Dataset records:

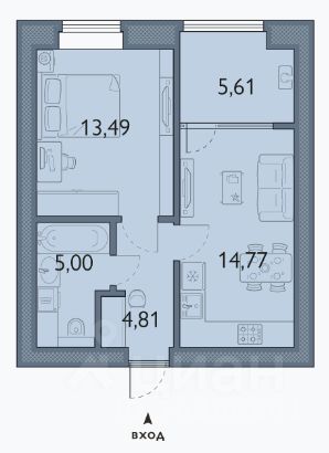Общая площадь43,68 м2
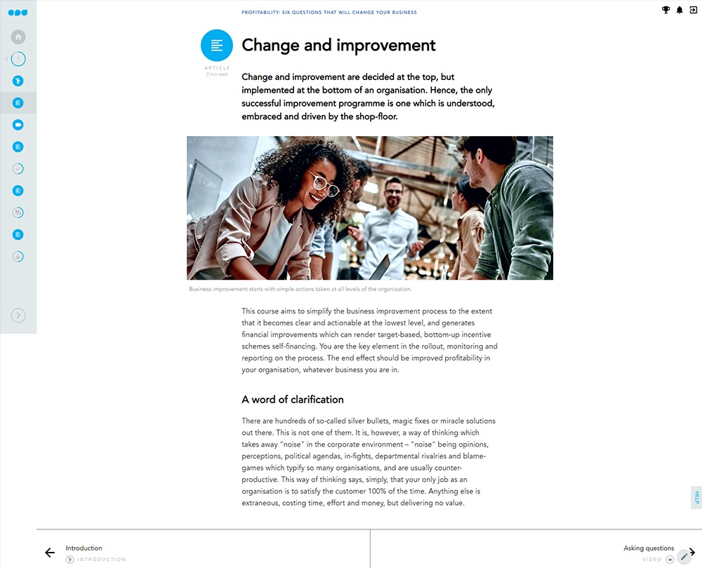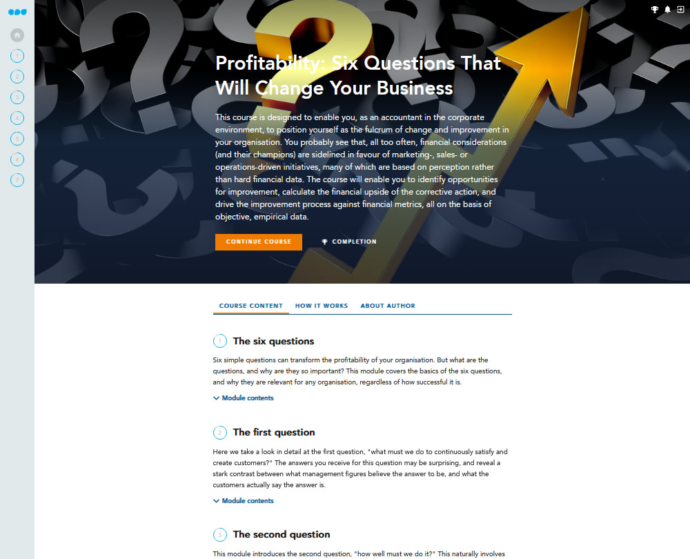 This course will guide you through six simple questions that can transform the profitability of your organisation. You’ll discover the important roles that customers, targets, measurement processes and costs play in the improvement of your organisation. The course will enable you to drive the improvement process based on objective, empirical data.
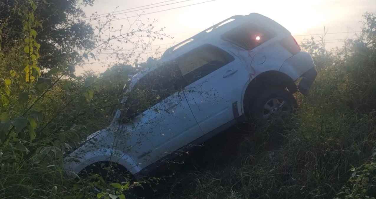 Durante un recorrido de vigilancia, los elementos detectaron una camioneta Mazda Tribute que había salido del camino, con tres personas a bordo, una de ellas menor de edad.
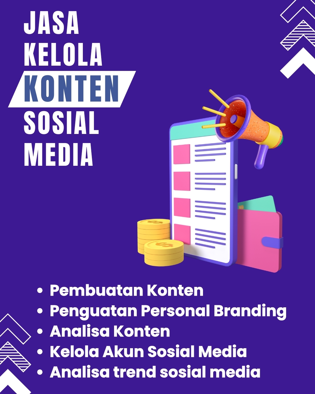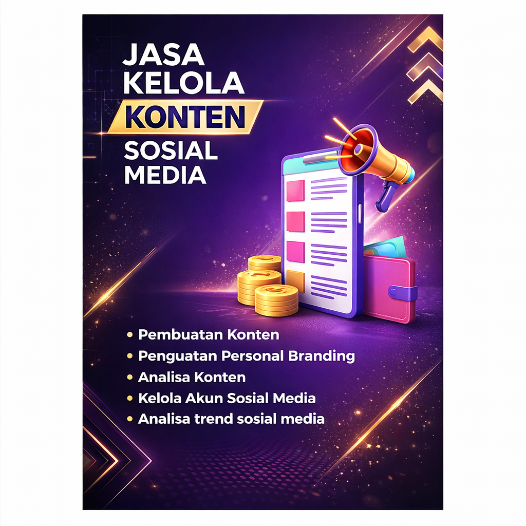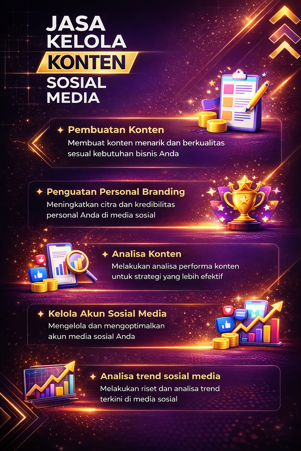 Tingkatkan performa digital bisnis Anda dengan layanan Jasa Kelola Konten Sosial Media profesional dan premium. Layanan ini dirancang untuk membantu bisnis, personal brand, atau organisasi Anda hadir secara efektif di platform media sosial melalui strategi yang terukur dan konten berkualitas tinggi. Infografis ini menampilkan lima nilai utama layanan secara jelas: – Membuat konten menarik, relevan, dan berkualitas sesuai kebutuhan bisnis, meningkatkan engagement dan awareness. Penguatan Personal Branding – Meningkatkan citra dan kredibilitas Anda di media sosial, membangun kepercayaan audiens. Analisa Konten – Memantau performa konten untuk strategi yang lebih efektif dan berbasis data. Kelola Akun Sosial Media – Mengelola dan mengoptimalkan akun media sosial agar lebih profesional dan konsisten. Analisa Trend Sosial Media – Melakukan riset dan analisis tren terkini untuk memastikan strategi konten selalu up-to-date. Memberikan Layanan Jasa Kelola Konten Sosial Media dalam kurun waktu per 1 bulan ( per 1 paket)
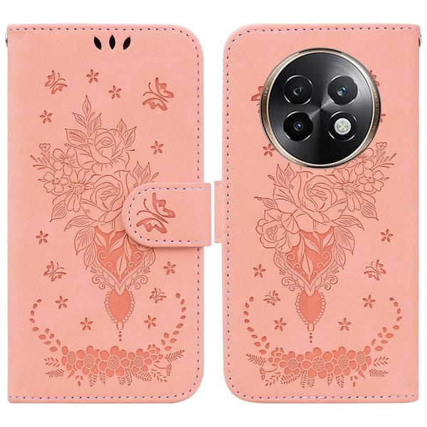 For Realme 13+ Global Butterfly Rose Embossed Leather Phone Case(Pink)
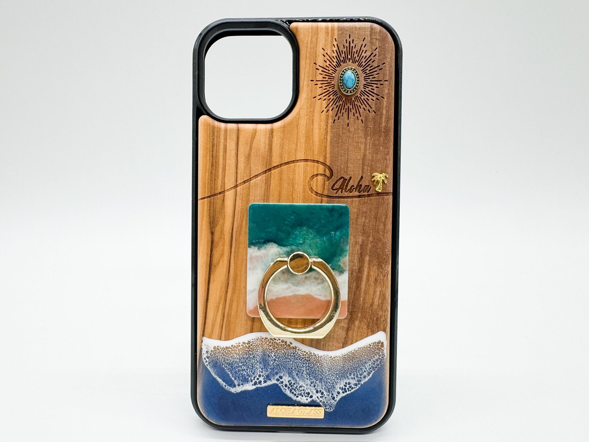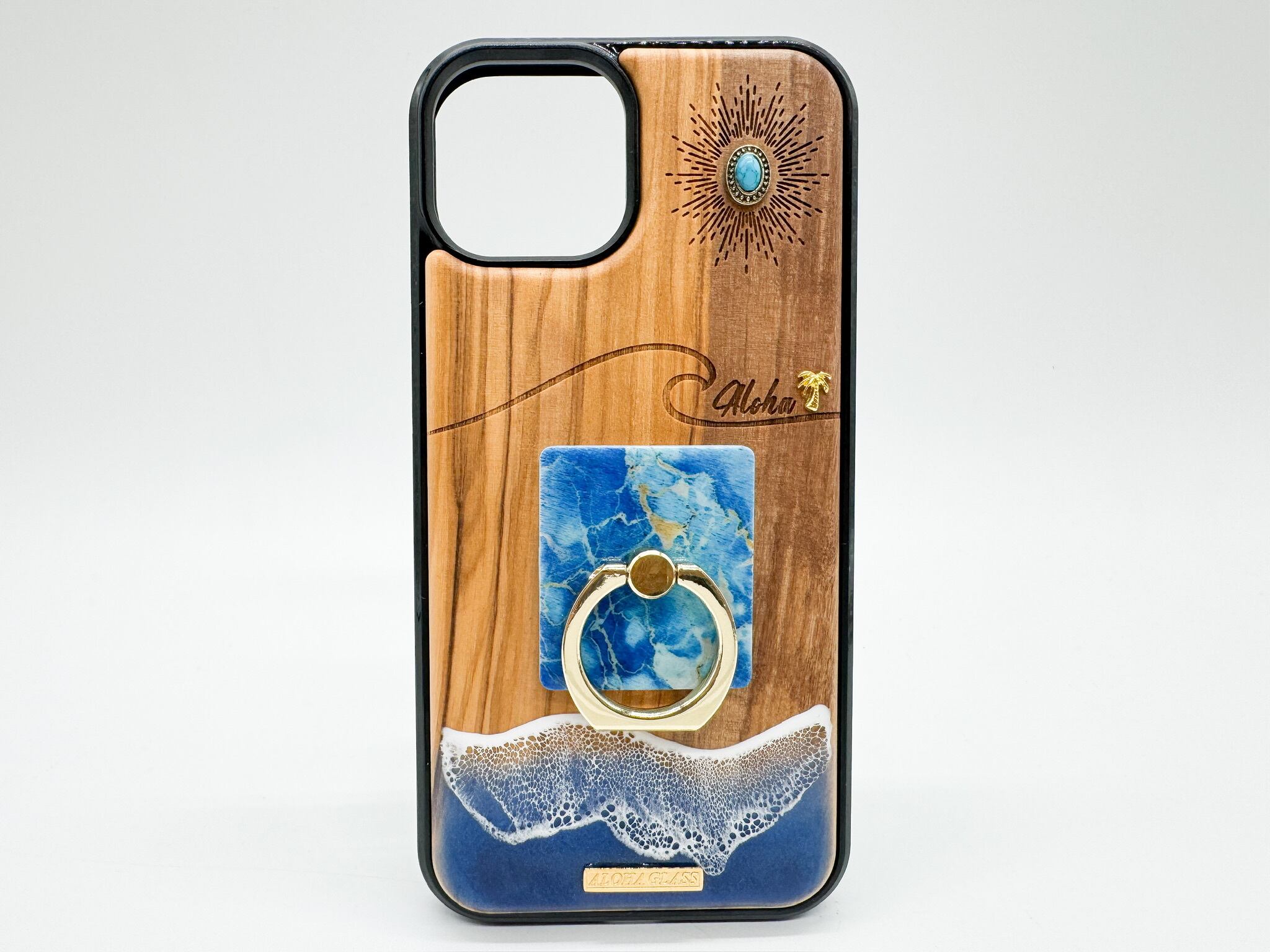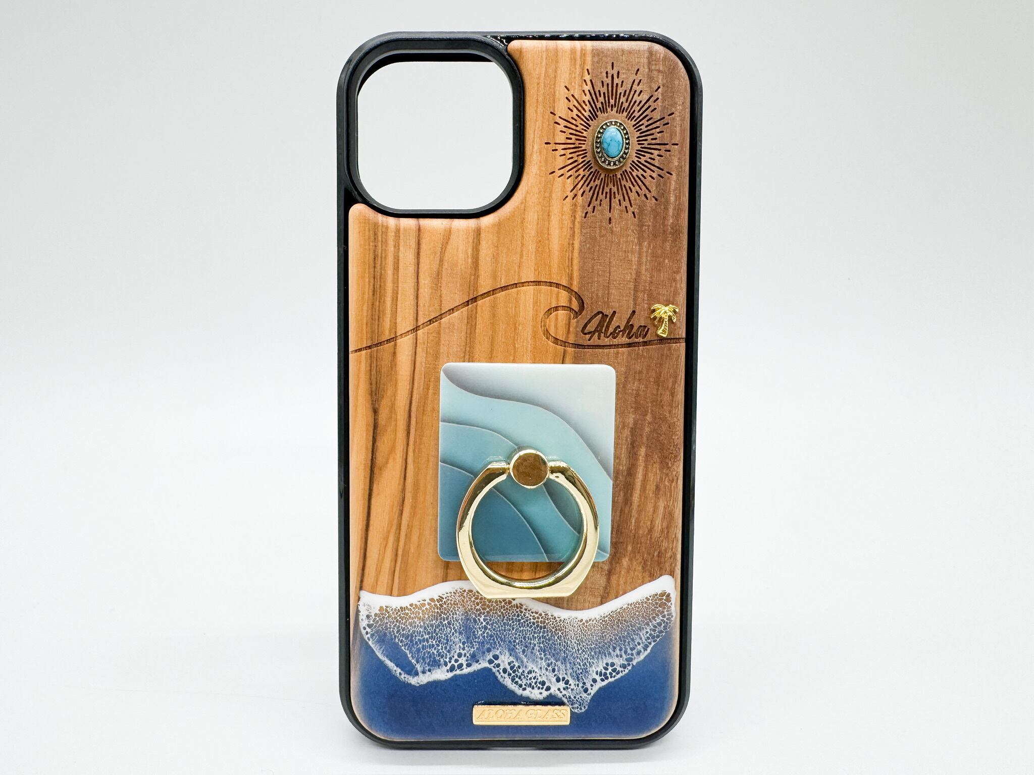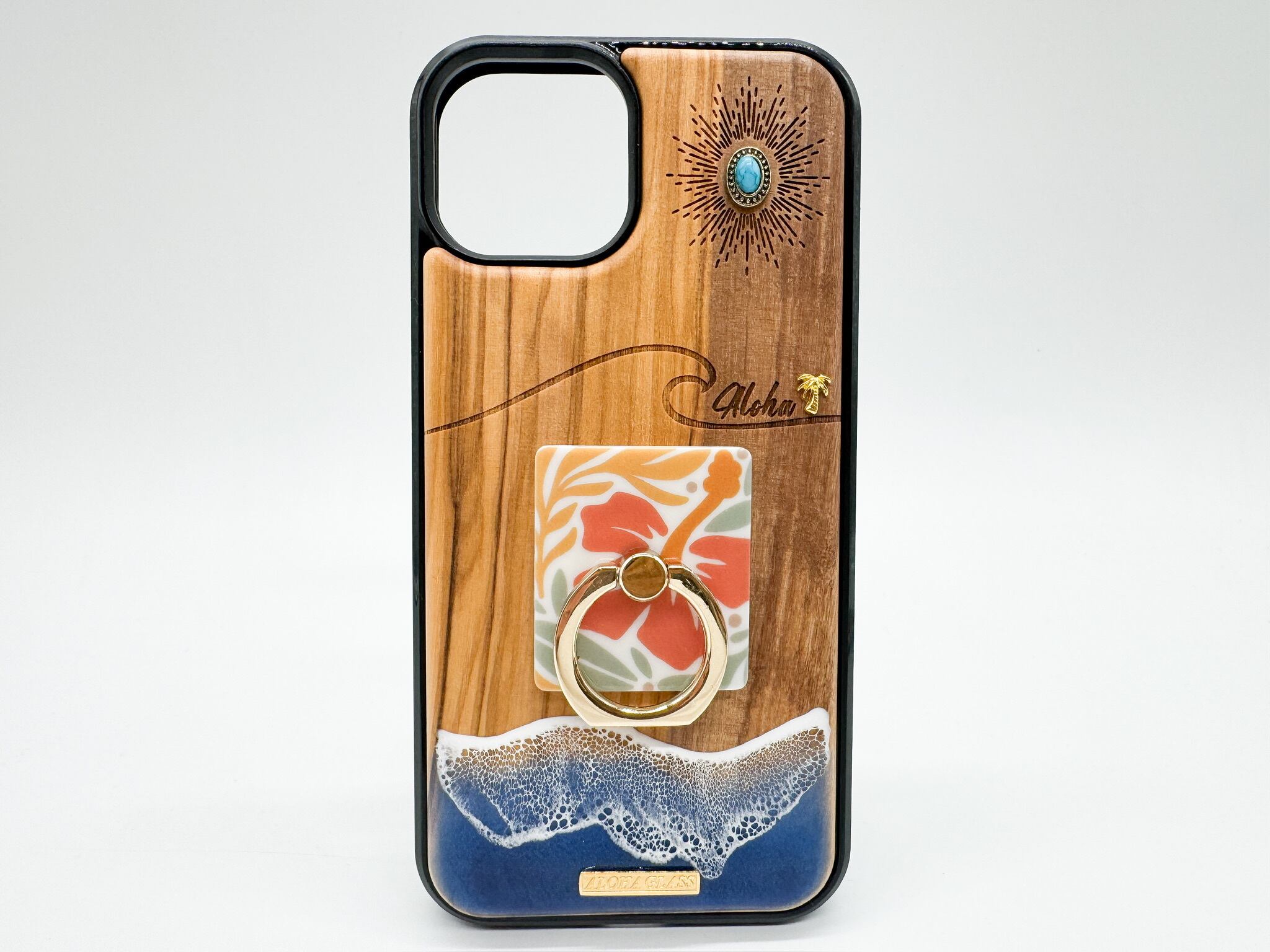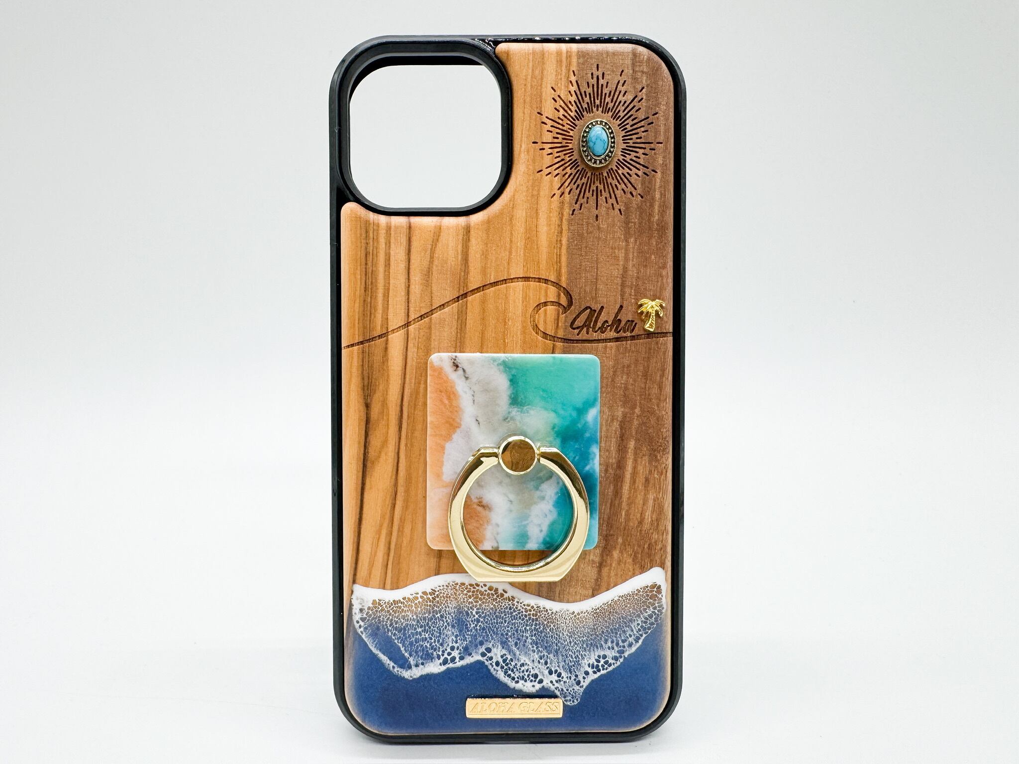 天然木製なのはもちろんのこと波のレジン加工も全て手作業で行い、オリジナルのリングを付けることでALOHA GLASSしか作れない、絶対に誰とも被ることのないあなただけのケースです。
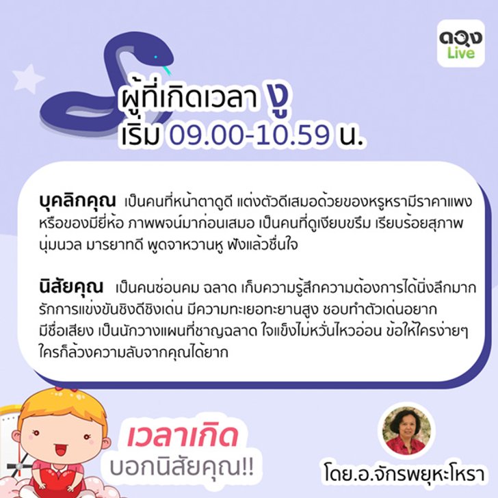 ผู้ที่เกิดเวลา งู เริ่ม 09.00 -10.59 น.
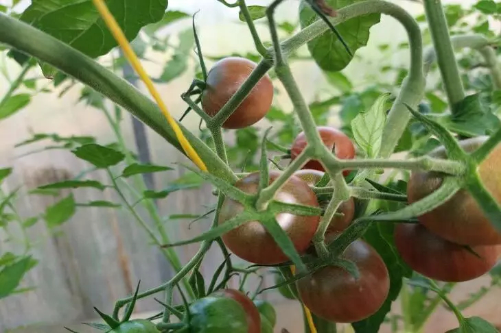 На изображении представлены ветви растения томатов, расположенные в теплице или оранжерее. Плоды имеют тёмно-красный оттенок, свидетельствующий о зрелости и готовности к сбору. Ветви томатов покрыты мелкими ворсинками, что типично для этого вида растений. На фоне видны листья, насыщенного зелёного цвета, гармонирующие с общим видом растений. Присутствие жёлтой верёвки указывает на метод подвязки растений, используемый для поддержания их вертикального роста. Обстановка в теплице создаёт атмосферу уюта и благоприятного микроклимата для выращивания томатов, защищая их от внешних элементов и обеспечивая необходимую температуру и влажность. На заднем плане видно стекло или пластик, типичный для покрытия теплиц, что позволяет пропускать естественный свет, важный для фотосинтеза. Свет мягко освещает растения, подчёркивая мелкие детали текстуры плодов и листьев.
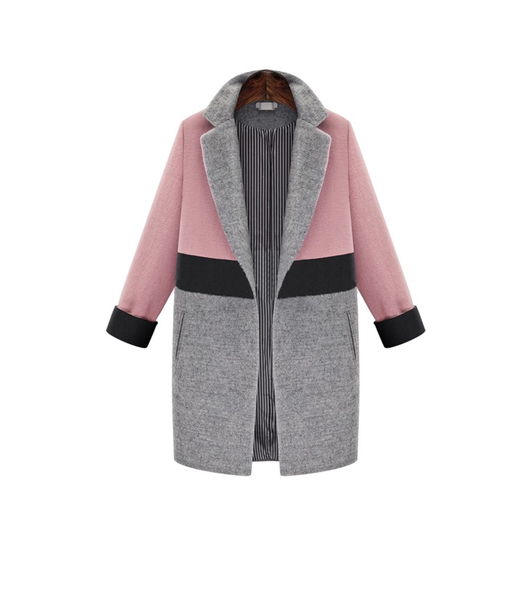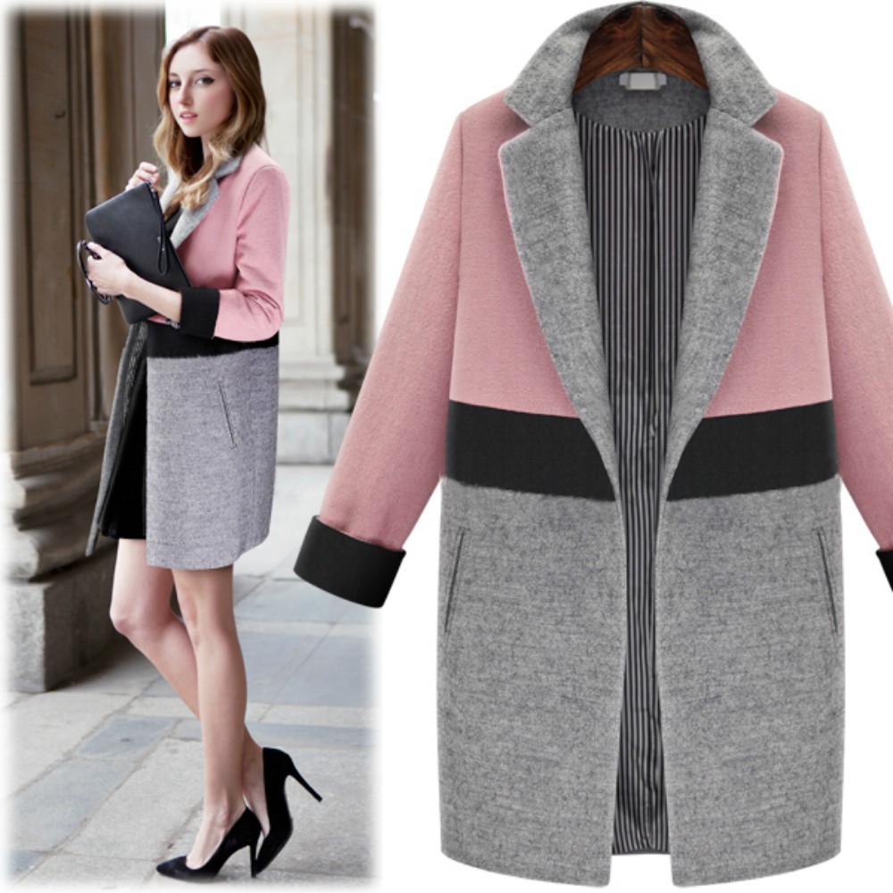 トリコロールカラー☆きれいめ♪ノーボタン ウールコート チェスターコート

Exercise directions
Your copy of the data above should match it exactly, apart from the images.

Result for this task
Общая площадь43,68 м2
 This course will guide you through six simple questions that can transform the profitability of your organisation. You’ll discover the important roles that customers, targets, measurement processes and costs play in the improvement of your organisation. The course will enable you to drive the improvement process based on objective, empirical data.
 Durante un recorrido de vigilancia, los elementos detectaron una camioneta Mazda Tribute que había salido del camino, con tres personas a bordo, una de ellas menor de edad.
 Tingkatkan performa digital bisnis Anda dengan layanan Jasa Kelola Konten Sosial Media profesional dan premium. Layanan ini dirancang untuk membantu bisnis, personal brand, atau organisasi Anda hadir secara efektif di platform media sosial melalui strategi yang terukur dan konten berkualitas tinggi. Infografis ini menampilkan lima nilai utama layanan secara jelas: – Membuat konten menarik, relevan, dan berkualitas sesuai kebutuhan bisnis, meningkatkan engagement dan awareness. Penguatan Personal Branding – Meningkatkan citra dan kredibilitas Anda di media sosial, membangun kepercayaan audiens. Analisa Konten – Memantau performa konten untuk strategi yang lebih efektif dan berbasis data. Kelola Akun Sosial Media – Mengelola dan mengoptimalkan akun media sosial agar lebih profesional dan konsisten. Analisa Trend Sosial Media – Melakukan riset dan analisis tren terkini untuk memastikan strategi konten selalu up-to-date. Memberikan Layanan Jasa Kelola Konten Sosial Media dalam kurun waktu per 1 bulan ( per 1 paket)
 For Realme 13+ Global Butterfly Rose Embossed Leather Phone Case(Pink)
 天然木製なのはもちろんのこと波のレジン加工も全て手作業で行い、オリジナルのリングを付けることでALOHA GLASSしか作れない、絶対に誰とも被ることのないあなただけのケースです。
 ผู้ที่เกิดเวลา งู เริ่ม 09.00 -10.59 น.
 На изображении представлены ветви растения томатов, расположенные в теплице или оранжерее. Плоды имеют тёмно-красный оттенок, свидетельствующий о зрелости и готовности к сбору. Ветви томатов покрыты мелкими ворсинками, что типично для этого вида растений. На фоне видны листья, насыщенного зелёного цвета, гармонирующие с общим видом растений. Присутствие жёлтой верёвки указывает на метод подвязки растений, используемый для поддержания их вертикального роста. Обстановка в теплице создаёт атмосферу уюта и благоприятного микроклимата для выращивания томатов, защищая их от внешних элементов и обеспечивая необходимую температуру и влажность. На заднем плане видно стекло или пластик, типичный для покрытия теплиц, что позволяет пропускать естественный свет, важный для фотосинтеза. Свет мягко освещает растения, подчёркивая мелкие детали текстуры плодов и листьев.
 トリコロールカラー☆きれいめ♪ノーボタン ウールコート チェスターコート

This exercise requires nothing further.